4. Resolving overlapping DPIA requirements for data classified as both core/important data and personal data. Decree 356 clarifies that where core data or important data also constitutes personal data, the safeguarding and processing of such data shall be subject to the PDP Law and its guiding Decree 356 (rather than the Data Law and its guiding Decree 165/2025/ND-CP). Notably, businesses processing core/important data that is also personal data are not required to conduct the separate risk assessments prescribed under the Data Law; instead, the DPIA conducted in accordance with the PDP Law will be deemed sufficient.
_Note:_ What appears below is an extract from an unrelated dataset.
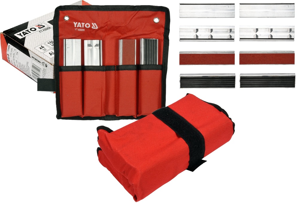 Zawartość zestawu: aluminiowe z pryzmą do mocowania okrągłych elementów, aluminiowe nacinane, aluminiowe z okleiną z tworzywa, aluminiowe z rowkowaną gumą

By removing this duplicative obligation, the regulation is expected to streamline the compliance process and reduce administrative burdens for data controllers and processors (Art 42.3).
Unresolved Matter
One of the major outstanding concerns under the PDP Law - the calculation method for illegal gains for sanctioning purposes - remains unprescribed.
What Businesses Should Do
Where data processing activities are complex or undergo significant changes—such as the reclassifications of certain categories of sensitive personal data, the introduction of new data processing obligations, or the adoption of new statutory forms—businesses should consider undertaking a comprehensive compliance review and seek professional legal advice to ensure the new requirements are properly implemented and support the development of a robust, future-proof data protection strategy.
As Decree 356 has only recently come into effect, the Ministry of Public Security is still finalizing internal procedures to support compliance. Businesses should therefore monitor forthcoming guidance closely and prepare to align their documentation with the new forms and requirements.